The Long, Long Life of Trees though is no fancy listicle or mere recitation of cold trivia. Her voice is mostly cheerfully, warmly conversational throughout save for those moments when she’s quoting Yeats or Hopkins or Wordsworth, and there is always a sense of a living, breathing person on the end of all this knowledge, the kind of person you sort of wish you were sitting in a pub with while she regales you with her “sense of wonder” regarding these long-lived beings we share our world with. You get a sense of joy always, mixed sometimes with sorrow, as she described for instance the various blights that threaten to wipe out (or in the case of the elm, have wiped out) large swathes of trees. She defends the poor maligned sycamore against the slur of being called a “weed,” marshaling John Clare and Percy Shelley against such calumny.
Some of her best writing comes at the close of each chapter, where her voice often elevates and where as well she often ties the particular tree more intimately to human existence and nature. Here, for instance, are some of her closing words on the yew tree:
The yew need not stand as gloomy reminder of the fleeting quality of human existence; really it is a means of liberating us from limited perspectives. Something of ours can survive the centuries, just as the ancient yews of Fortingall, Llangernyw, Crowhurst, or Ankerwyke have done. We do not know what else the yew may have hidden away inside, but one day we might.

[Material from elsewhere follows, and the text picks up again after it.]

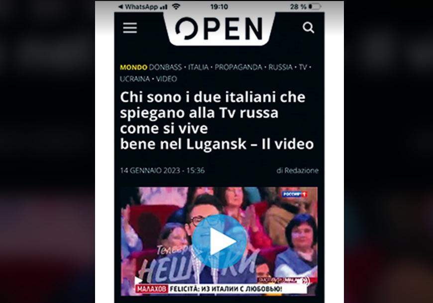 E’ possibile che tutte queste ipotesi sugli “attori” e gli scontorcimenti del pensiero siano la spia di quanto al canale “Ucraina Live” si sia bagnata la polvere nella fiaschetta, se le forze vengono spese per una bugia così primitiva? Ma tralasciamo di indovinarlo. Tuttavia, i giornalisti ucraini di Kiev a quanto pare hanno dei sostenitori in Italia. Fra loro per esempio l’autorevole sito “Open”, che si definisce un sito “anti fake news”, cioè per mezzo del “Fact Checking” stabilisce se una notizia è vera o falsa verificandone il contenuto. Ora, il fatto è che “Open” ha preso l’informazione pubblicata da “Ucraina Live” come vera, l’ha tradotta in italiano e l’ha condita con un pochetto di propria fantasia su Marinella Mondaini, cosa di cui la diretta interessata si è meravigliata molto. E così nel testo del sito Open una menzogna si sovrappone all’altra: Marinella è stata inserita tra gli oppositori alla vaccinazione contro il Covid e come giornalista avrebbe “spesso condotto attacchi contro i vaccini su “L’Antidiplomatico”. Del fatto che questa è un’insolente menzogna è facile sincerarsi leggendo i suoi articoli pubblicati sul suddetto sito. Non ha negato la presenza del virus, non ha mai detto o scritto nulla contro la vaccinazione. Ma la ciliegina sulla torta confezionata da Open, è la notizia, secondo cui Marinella prima viveva a Mosca, ma poi insieme a un altro italiano si è trasferita a Lugansk, “dove hanno iniziato una nuova vita”. In realtà Marinella l’italiano indicato l’ha visto per la prima volta nello studio televisivo di Malachov, e sebbene sia stata diverse volte nel Donbass, a Donec’zk, non è mai stata a Lugansk e inoltre vive tuttora a Mosca. Poi Open sprofonda in uno dei “cavalli di battaglia” più amati e usati da molti mass media italiani, asserendo che Marinella è impegnata nella diffusione della propaganda del Cremlino (e contro tale stereotipo, oramai divenuto di cemento armato, chi ha la forza di opporsi??) Quello che fa infuriare particolarmente gli smascheratori è una delle opere, scritte da Marinella, intitolata “Il Donbass vive e vivrà”, in cui l’autrice concorda (ma come ha osato??) con la “versione del Cremlino”, tanto che la regione dei minatori, il Donbass, è definita “indipendente da Kiev”.

And here is the closing passage of the cypress essay:
There is something about these thick, tall trees though, that imposes on people’s peace of mind . . . These trees seem to threaten our very sense of self as they quietly encroach. They loom in the shadows of our most unsettling dreams, inscrutable and faintly ominous. The uninvited guest at the table, the shadow cast over Arcadia, the dark note that sounds through the safety of the garden, these aromatic, eternal attendants are always there, assuming the shapes of unspoken fears, of things we dimly know but dare not acknowledge. And in the midst of all our insecurities, these tall, imperturbable conifers stand silently by, taking on our desperate projections, but remaining largely unconcerned.
It’s fine writing that makes you re-see the world. Staffor does just that.